Nos Estados Unidos, na sequência do escândalo de Abu Grahib, a propósito do enquadramento noticioso que os principais órgãos de comunicação social deram ao caso, dizia-se, que se era verdade que as fotografias tinham criado a notícia, Karl Rove (conselheiro de Bush) teria provavelmente escrito as legendas.
As análises, levadas a cabo em diversos estudos, ao tratamento noticioso dado ao caso, mostravam que apesar das fotos e da vasta documentação contextual, a imprensa dominante não conseguiu enquadrar a história de uma forma que fosse para além da versão governo.
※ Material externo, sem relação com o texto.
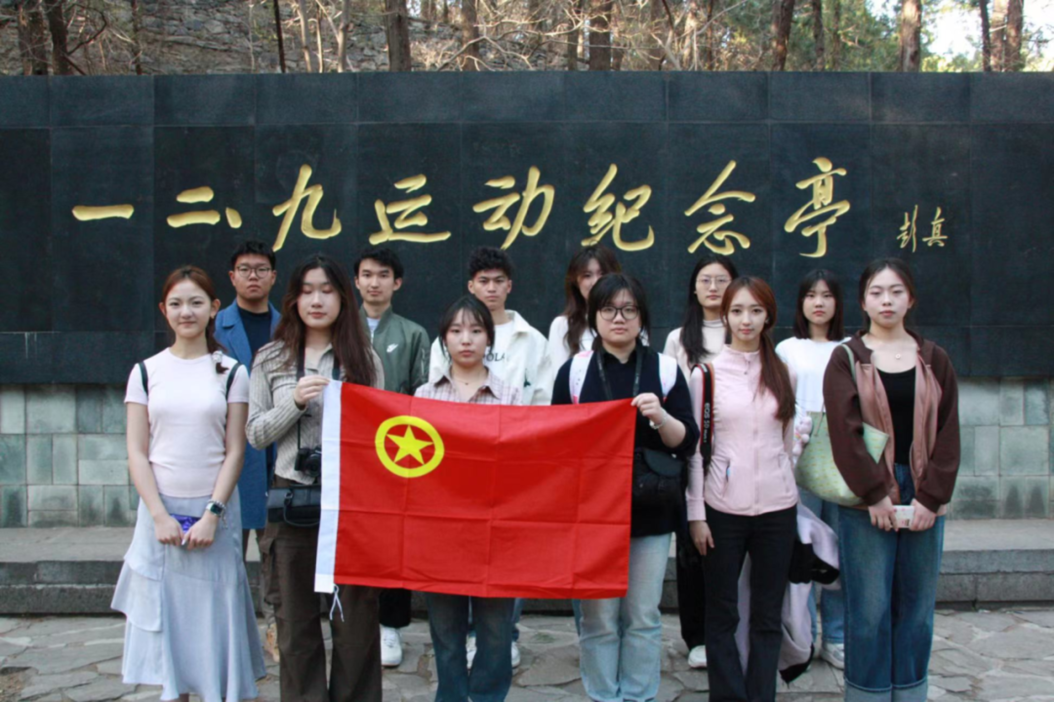同学们认真听讲、仔细观察、积极提问、互动交流,并且吸引许多游客驻足一起参与到班级活动中。通过小组讨论,五班的同学们进一步加深了对历史文化、红色革命精神和植物保护及生态文明建设重要性的理解,在小组讨论中,形成了积极向上的学习氛围。在曹雪芹纪念馆,学委聂家宝同学准备了红楼梦的趣味答题,同学们积极抢答。同学们参观了曹雪芹纪念馆,参观其故居,感受四大名著之一带来的精神震撼。随后,五班同学又来到了梁思礼先生之墓,由杨钰淼与吴可菲同学共同为大家讲解科研工作者的故事,并带着大家向其致敬。活动最后,五班同学参观了一二·九运动的纪念碑,并在团支书的带领下重温了那段峥嵘岁月,五班19位团员高举团旗,在纪念碑前向先辈致敬。

A imprensa nacional dominante enquadrou a história como um caso ambíguo de abuso, e não como um possível exemplo de uma prática mais sistemática de tortura que abrangia o Afeganistão, Guantánamo e o Iraque.
De acordo com os modelos de enquadramentos noticiosos, e de definição de eventos, a relativa fraqueza do enquadramento tortura nas notícias, revela uma tendência bem patente da grande imprensa em seguir as orientações das autoridades institucionais, face à ausência de um significativo desacordo entre as elites.
Recordo este caso, porque em Portugal, quando o Partido Socialista conquistou o poder, imediatamente começou a construir a narrativa que havia de enquadrar toda a actividade governativa na comunicação social. O descalabro das contas públicas, e a herança caótica dos anteriores governos da coligação PSD-PP, impunham uma espécie de governo de salvação nacional. Como os governos têm mais êxito na gestão de notícias, quando utilizam enquadramentos culturalmente relevantes, para definir acontecimentos facilmente interpretados como “congruentes” em termos culturais, criaram-se alguns desígnios patrióticos, entre os quais, o estabilizar das contas públicas, as grandes obras públicas (Ota e TGV), a Presidência Portuguesa da UE e o “choque tecnológico”.
Se olharmos para estes quatro exemplos, verificamos que salvo pequenas excepções, os enquadramentos noticiosos nos principais órgãos de comunicação social, seguiram sempre o enquadramento do governo, com especial beneplácito da RTP. Foi nos blogs, ou em outros órgãos de comunicação social, fora do mainstream, que se desafiaram esses enquadramentos, e foi aí que a discussão foi sempre mais dinâmica e contrária ao consenso generalizado.
É nesta lógica, que o Primeiro-Ministro, sempre que é confrontado com críticas a estes desígnios patrióticos, reage com aquela arrogância que bem o caracteriza, procurando desde logo marginalizar qualquer opinião contrária, como se tratassem de crimes de lesa-pátria. É por isso, que todos aqueles que se opõem ao Tratado de Lisboa, ou questionam os computadores Magalhães, são enquadrados como “Velhos do Restelo”, ou adeptos da política do bota abaixo, que insistem em travar o desenvolvimento do país. E quando alguém dentro da imprensa mainstream tenta romper com este enquadramento, veja-se o que se sucedeu ao Público no caso da licenciatura de José Socrátes e dos seus inqualificáveis projectos de engenharia.